Lanzi tells PoliceOne in an exclusive interview that the issue gained steam after he responded to an inconsistency in the school newspaper, The Princetonian, on how the mass notification system the university had installed would work in active shooter incidents.
“The local student newspaper made is sound like it’s the end-all and is going to save people in the active shooter situations,” Lanzi says. “I didn’t criticize the university – I said that what the university needs to do now is to take it one more step and arm their police officers so that we can engage the active shooter.”
The Northern Illinois shooting and Virginia Tech tragedy before it demonstrated that the law enforcement community who defend against madmen and malcontents must rapidly engage the subject in order to save lives.

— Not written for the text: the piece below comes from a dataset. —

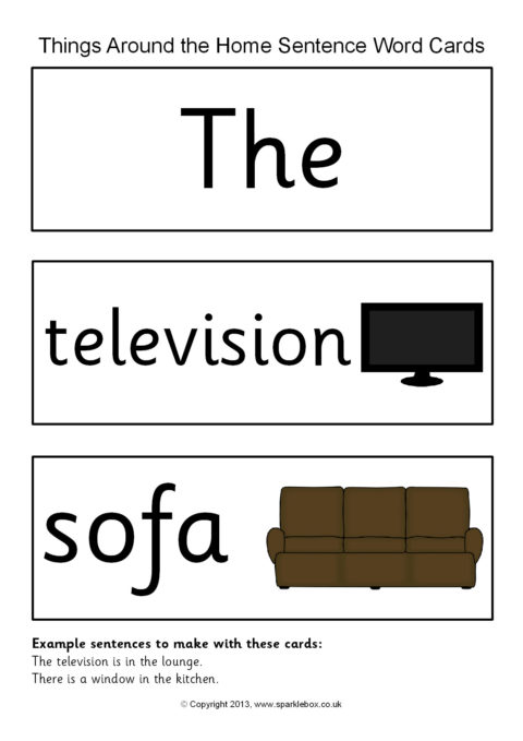 A set of printable word cards that can be used to make sentences about objects around the home.  Such as ‘The television is in the lounge’ or ‘There is a window in the kitchen.’
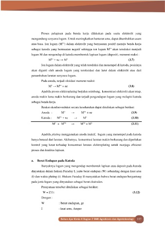 logam M dan nengendap di katoda membentuk lapisan logam (deposit), menurut reaksi :

“Time – you’ve got to shorten that time up that the person can have a gun and start shooting and a mass notification system isn’t going to do that. The mass-notification system certainly mitigates issues after the shooting, but it’s not going to stop the shooting,” Lanzi says.
Rick Armellino, CEO of Baker Batshield says that colleges without armed and trained police first responders – those that depend on the next layer of response, which in this particular case is the Princeton Township police – have essentially made an administrative decision to outsource public safety to an agency that probably will take longer to get there.
“The issue is stopping the killing, and if the school determines that for whatever factors, ‘we’re not going to have armed guards, we don’t consider that appropriate’ well, then the next layer obviously takes more time,” Armellino tells PoliceOne.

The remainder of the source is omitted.